This algorithm run in \(O(nm)\) time.

Gotoh mentions that this method can be modified to also solve the local alignment of Smith and Waterman (1981) in quadratic time.

Minimizing vs. maximizing duality

While the DP formulas for minimizing cost and maximizing score are very similar, there are some interesting conceptual differences.

When maximizing the score, this is a conceptually similar to computing the LCS: each pair of matching characters increases the score. Needleman and Wunsch (1970) gives an example of this. As we will see, these algorithms usually consider all pairs of matching characters between \(A\) and \(B\).

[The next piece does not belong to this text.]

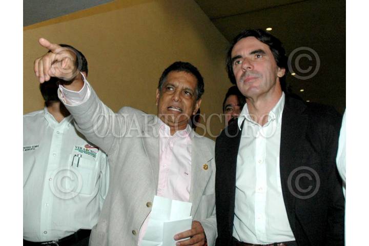 BOCA DEL RIO, VERACRUZ., 11ABRIL2008.- Concluyeron los trabajos de la "Expo Salud Veracruz 2008" organizada por el gobierno del estado.En la imagen Fidel Herrera Beltran, gobernador de la entidad y el expresidente del gobierno Español, Jose Maria Aznar. FOTO: JOSE CANDELARIO/CUARTOSCURO.COM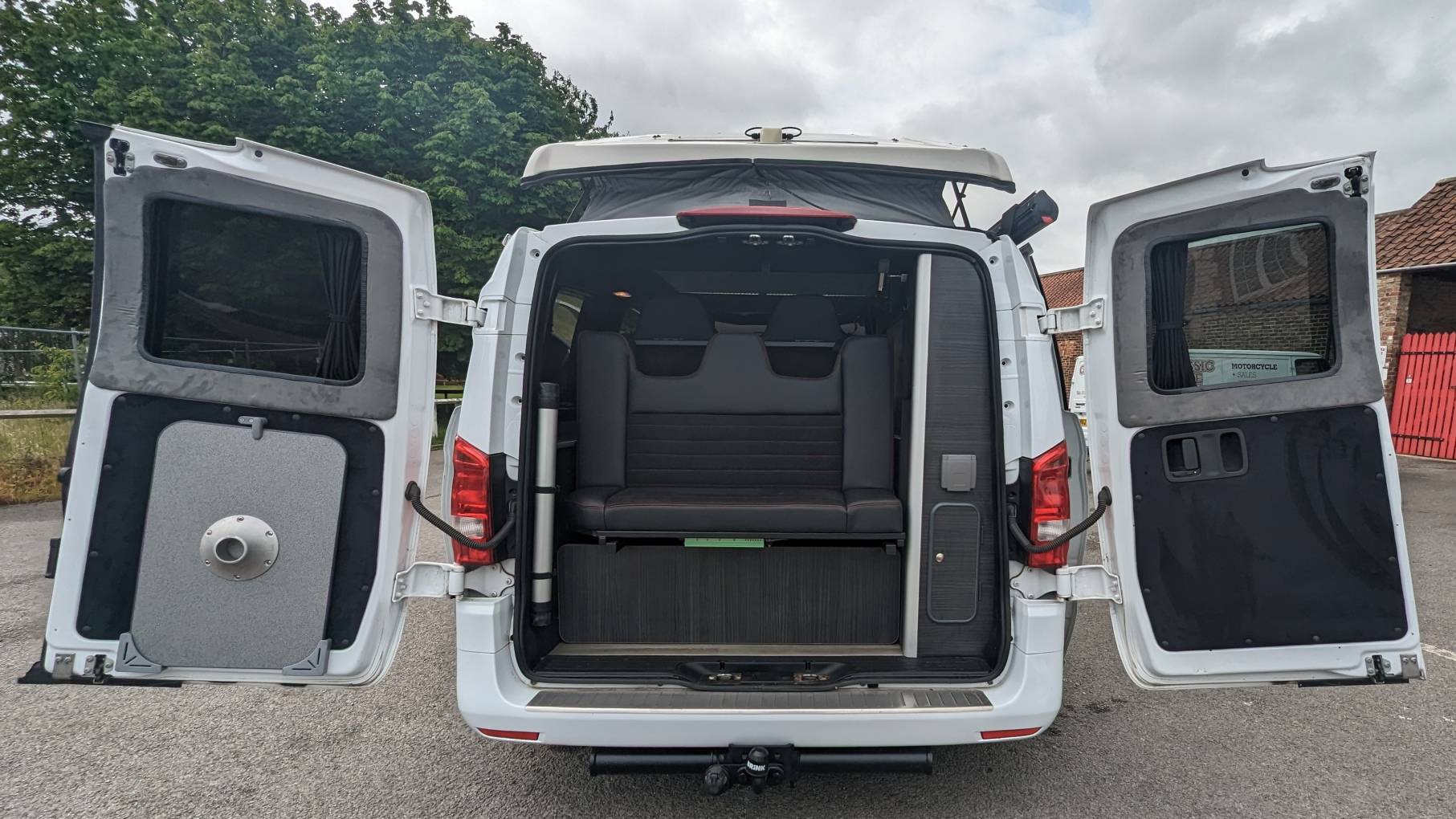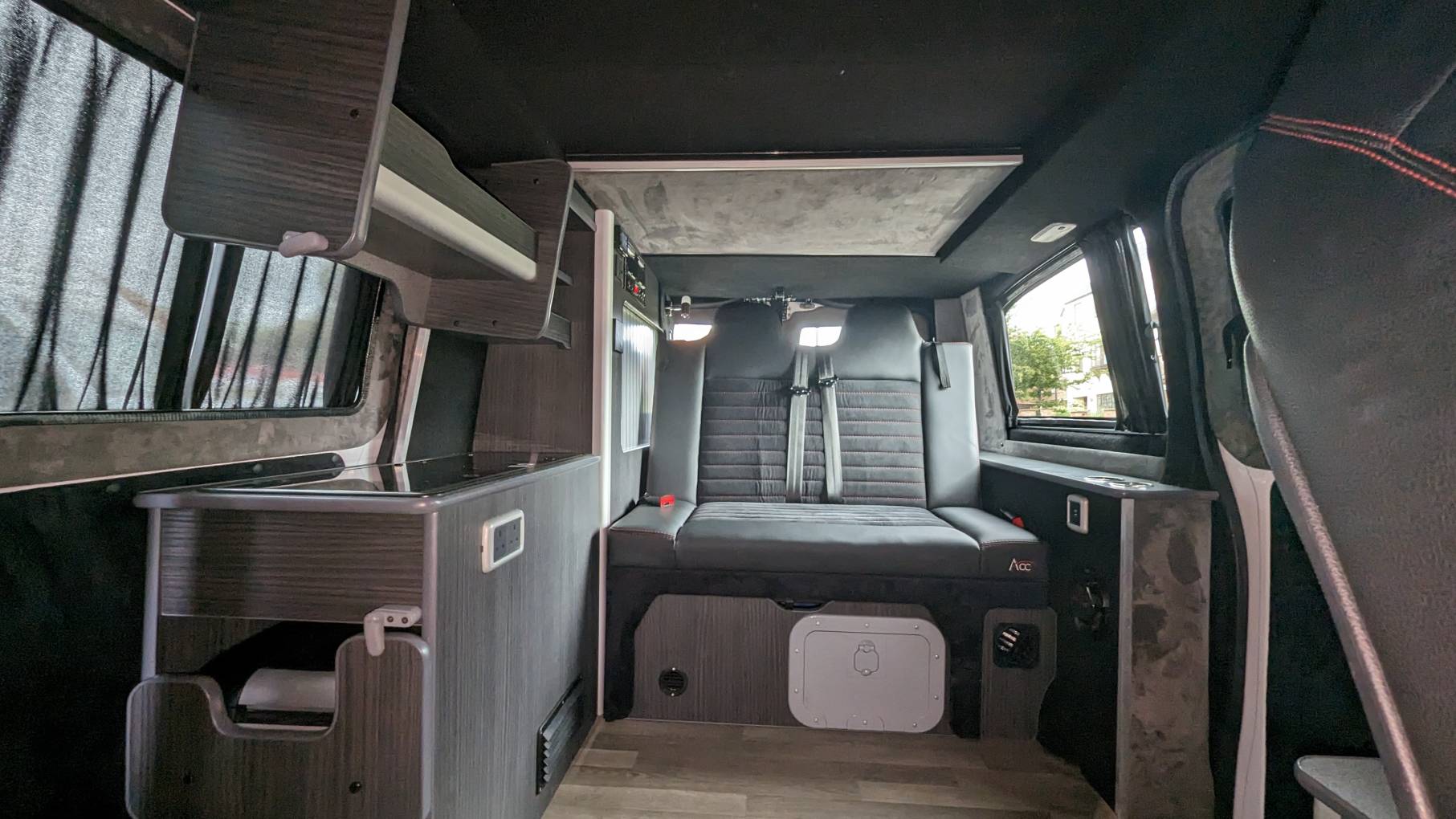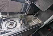 The 19-inch alloy wheels not only add style but also ensure a smooth ride. The poptop roof comfortably sleeps two adults, and the rock and roll bed, measuring 1.3m wide, guarantees a restful night's sleep. Safety is paramount with rear seat belts, and the all-around LED lighting and USB ports add a touch of modernity to your camper van experience.

Algorithms that minimize the cost instead look at the problem as finding the shortest path in a graph, usually with non-negative weights and cost \(0\) for matching characters. The structure of the corresponding DP matrix turns out to be more complex, but can also be exploited for algorithms faster than \(O(nm)\).

Maximizing score is typically used for local alignment, since it needs an explicit bonus for each matches character. Most modern aligners are based on finding the shortest path, and hence minimize cost.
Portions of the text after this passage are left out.